「愛」字の兜

徳川家康が馬印を「厭離穢土欣求浄土」としたことと、かれが関東に移されて「江戸」を居城としたことが無関係とは思えない安土桃山な今日このごろです。織田信長が斎藤氏の稲葉山城を落として「岐阜」と改めたのは、古代中国の「岐山」と「曲阜」から取っていたりする。そういう時代なのであります、たぶん。
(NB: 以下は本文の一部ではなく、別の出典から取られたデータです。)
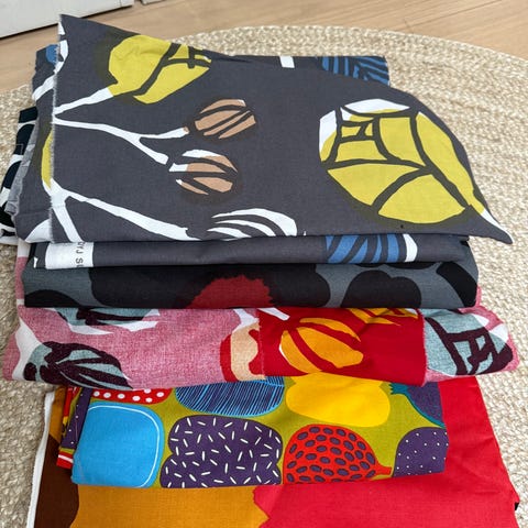 26 kpl kuvan mukaisia Marimekon kangastilkkuja Jenni Tuomisen Taapeli-kuosista. Leveys 143 cm ja korkeus vähän vaihdellen mutta noin 40 cm, eli kangasta on yhteensä yli 10m. Uusia ja siten erittäin hyväkuntoisia kaikki.
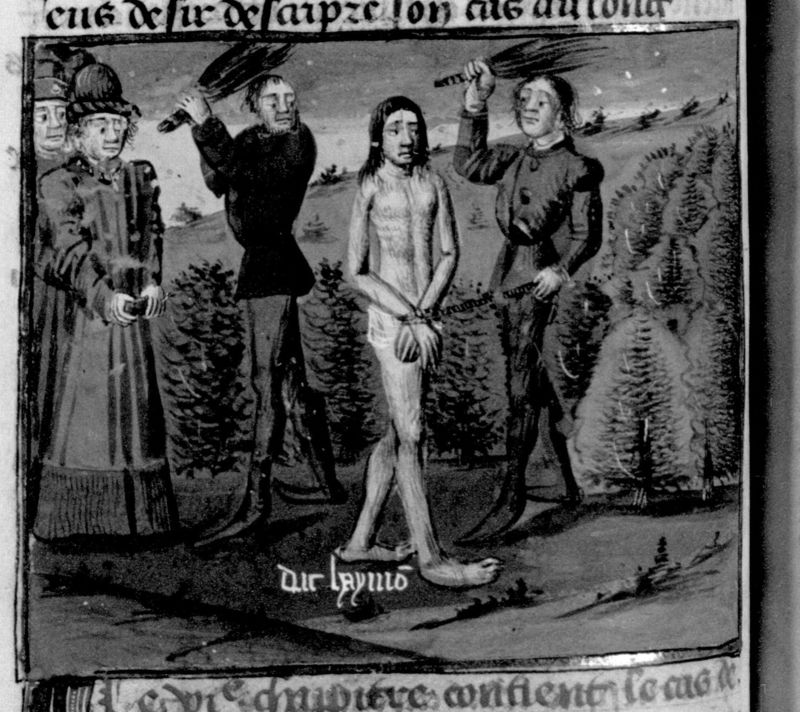 Parigi, Bibliothèque Nationale de France, Fr. 230, f. 88v. Il copista del manoscritto è P. Droulin. Annone viene frustato con delle verghe.

さて今年の大河の直江兼続君ですが、「愛」字の兜で知られています。この「愛」はもちろんラヴでもなければ、アガペーでもありません。むしろどちらかといえばエロスです。主君の上杉氏が毘沙門天信仰から「毘」字の旗印を掲げたように、直江兼続愛染明王から「愛」字を取ったとするのが、多数説です。愛染明王は仏教諸神のなかでも愛欲を肯定しちゃうカミサマですから、じつは直江兼続はラヴ&なんとかのヒッピーなのです。俗世の色や欲や煩悩を大らかに肯定しながら、現世の救済を確信していたに違いないのです(笑)。
まじめに考えれば考えるほど、直江兼続のカッコいいイメージは崩壊していくわけですが、中国史屋は直江兼続を無視できないのです。なにせ日本に伝世する宋版『史記』は直江兼続所蔵のものだったわけですから。
ちなみに直江兼続が宋版『史記』を朝鮮から持ち帰ったというのは怪しいらしいです。